Many people want to start supplements before they start lipid lowering medications. The only supplements with solid emerging data on lipids are omega-3 fatty acids (fish oils), and niacin (also available as Niaspan). Fish oils can decrease triglycerides but some patients' stomachs cannot tolerate them. Niacin is better than any lipid lowering drug in increasing the "good" cholesterol (HDL). It can cause flushing of the face and a hot sensation for a half an hour at a time, but most people get used to it. Non-flush versions are available but their effectiveness is unknown.
It is not clear if Raltegravir (Isentress, the first integrase inhibitor) or Maraviroc (Celsentry -- a CCR5 entry inhibitor) have any effect on body composition. So far, they appear to be lipid friendly when taken with Viread and Epivir. Fuzeon (an injectable entry inhibitor) also seems to be lipid friendly, but it is usually used with boosted protease inhibitors that can cause increases in lipids. It seems that there may be genetic factors that make some patients more prone to increased low density lipoprotein (bad) cholesterol and triglycerides.
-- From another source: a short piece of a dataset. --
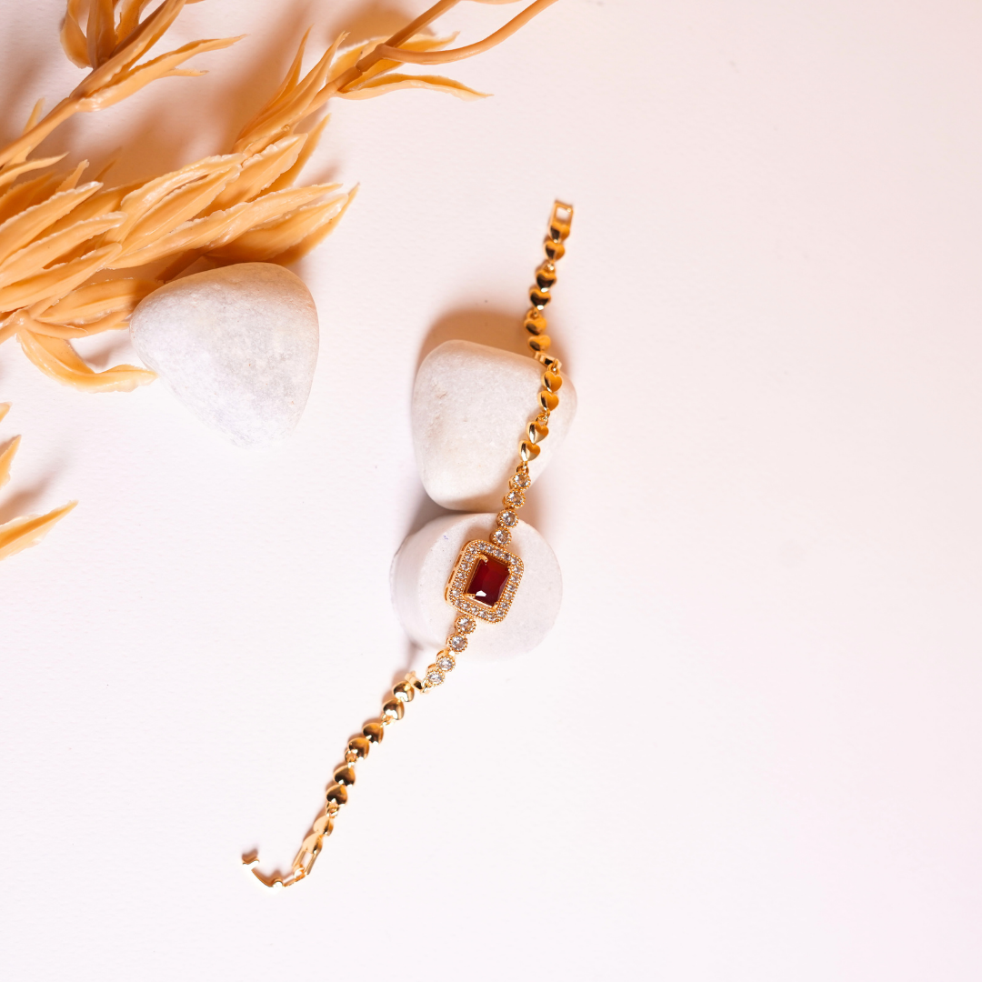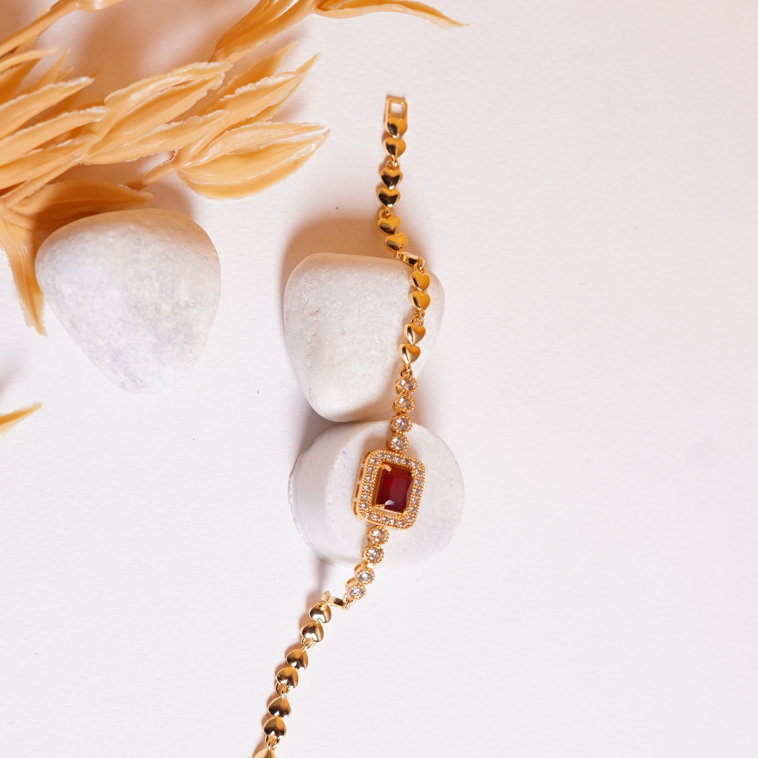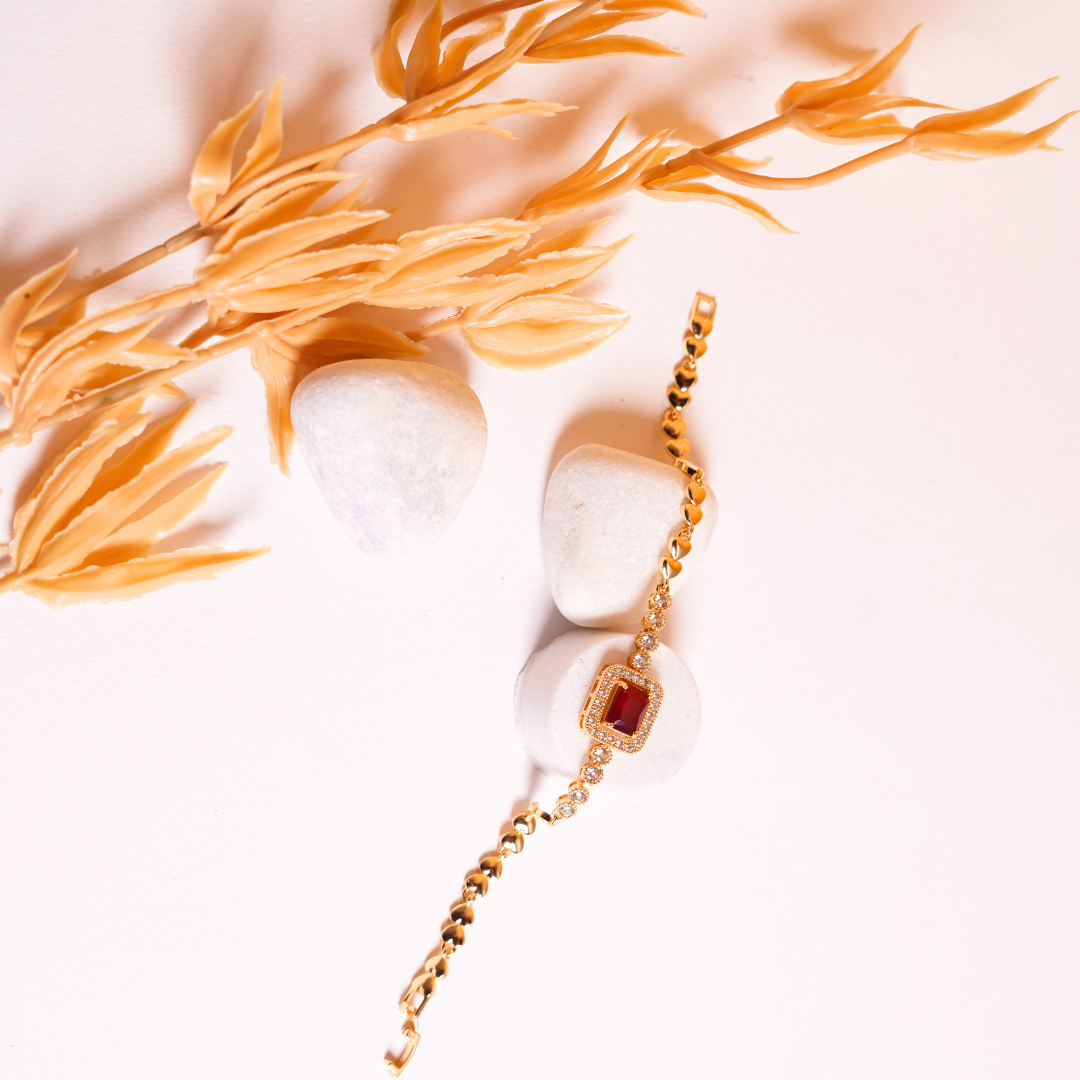 A luxurious gold-plated bracelet featuring a bold ruby-red square stone framed with shimmering crystals.

Lipid lowering agents like statins (Lipitor, etc) or fibrates (Tricor, etc.) can work wonders in many, but even with their use, some patients never reach "normal" lipid levels. A combination of niacin, lower sugar and animal fat intake, exercise, fish oil supplements or an increase in fatty cold water fish consumption (salmon) and soluble fiber (fruits, vegetables, oats) are sometimes used to treat lipids. Some individuals have tried combining statins and fibrates, but this combo can lead to an increase in muscle related disorders in some patients.
We have learned a lot during the past 10 years about body changes associated with HIV, but many more questions remain. It is the hope that those new to HAART therapy will not have to suffer the devastating drug side effects that their predecessors have had to contend with in the past 20 years. As patients, it is our responsibility to stay educated and learn from others about emerging options that may make it possible one day to live fully without HIV related body changes and other side effects.
Nelson Vergel is director of Program for Wellness Restoration.